(Dataset extract)
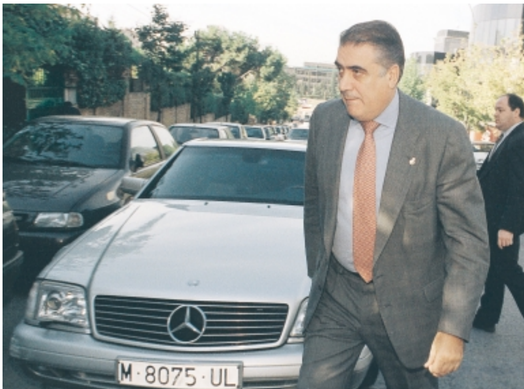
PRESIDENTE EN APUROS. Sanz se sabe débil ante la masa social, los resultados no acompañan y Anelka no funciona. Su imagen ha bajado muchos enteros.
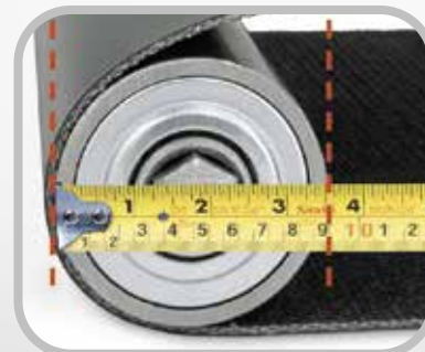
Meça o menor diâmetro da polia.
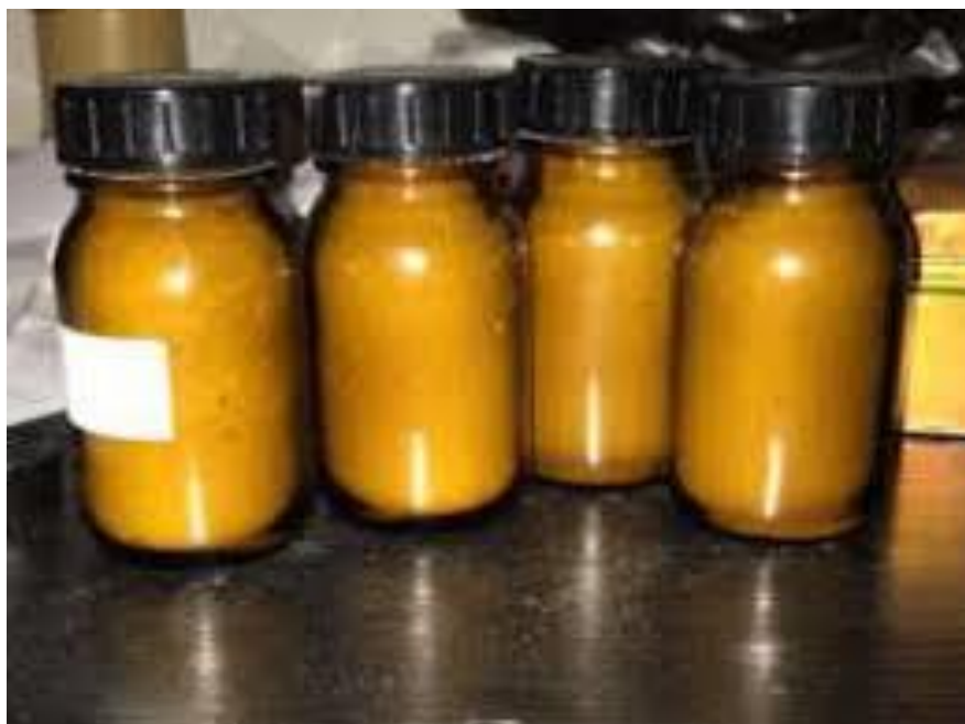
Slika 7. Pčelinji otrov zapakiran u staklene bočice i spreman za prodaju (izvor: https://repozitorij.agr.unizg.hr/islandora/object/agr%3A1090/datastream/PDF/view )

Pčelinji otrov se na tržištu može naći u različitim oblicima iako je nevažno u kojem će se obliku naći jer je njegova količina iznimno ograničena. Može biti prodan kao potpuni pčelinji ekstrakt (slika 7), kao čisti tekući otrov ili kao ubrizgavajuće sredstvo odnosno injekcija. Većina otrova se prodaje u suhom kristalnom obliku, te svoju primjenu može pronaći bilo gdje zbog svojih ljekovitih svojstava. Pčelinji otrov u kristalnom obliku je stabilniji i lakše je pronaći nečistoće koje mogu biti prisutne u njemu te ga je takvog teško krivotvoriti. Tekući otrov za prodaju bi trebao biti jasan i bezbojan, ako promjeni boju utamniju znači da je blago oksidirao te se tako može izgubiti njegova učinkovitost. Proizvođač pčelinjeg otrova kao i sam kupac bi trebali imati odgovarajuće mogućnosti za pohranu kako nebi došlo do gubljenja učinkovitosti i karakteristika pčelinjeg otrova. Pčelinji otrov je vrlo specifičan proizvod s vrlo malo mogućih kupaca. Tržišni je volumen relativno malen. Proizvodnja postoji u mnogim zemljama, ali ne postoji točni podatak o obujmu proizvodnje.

(Work instructions) Would it be possible to copy the material exactly, excluding the images?

(Task solution)
PRESIDENTE EN APUROS. Sanz se sabe débil ante la masa social, los resultados no acompañan y Anelka no funciona. Su imagen ha bajado muchos enteros.
Meça o menor diâmetro da polia.
Slika 7. Pčelinji otrov zapakiran u staklene bočice i spreman za prodaju (izvor: https://repozitorij.agr.unizg.hr/islandora/object/agr%3A1090/datastream/PDF/view )

Pčelinji otrov se na tržištu može naći u različitim oblicima iako je nevažno u kojem će se obliku naći jer je njegova količina iznimno ograničena. Može biti prodan kao potpuni pčelinji ekstrakt (slika 7), kao čisti tekući otrov ili kao ubrizgavajuće sredstvo odnosno injekcija. Većina otrova se prodaje u suhom kristalnom obliku, te svoju primjenu može pronaći bilo gdje zbog svojih ljekovitih svojstava. Pčelinji otrov u kristalnom obliku je stabilniji i lakše je pronaći nečistoće koje mogu biti prisutne u njemu te ga je takvog teško krivotvoriti. Tekući otrov za prodaju bi trebao biti jasan i bezbojan, ako promjeni boju utamniju znači da je blago oksidirao te se tako može izgubiti njegova učinkovitost. Proizvođač pčelinjeg otrova kao i sam kupac bi trebali imati odgovarajuće mogućnosti za pohranu kako nebi došlo do gubljenja učinkovitosti i karakteristika pčelinjeg otrova. Pčelinji otrov je vrlo specifičan proizvod s vrlo malo mogućih kupaca. Tržišni je volumen relativno malen. Proizvodnja postoji u mnogim zemljama, ali ne postoji točni podatak o obujmu proizvodnje.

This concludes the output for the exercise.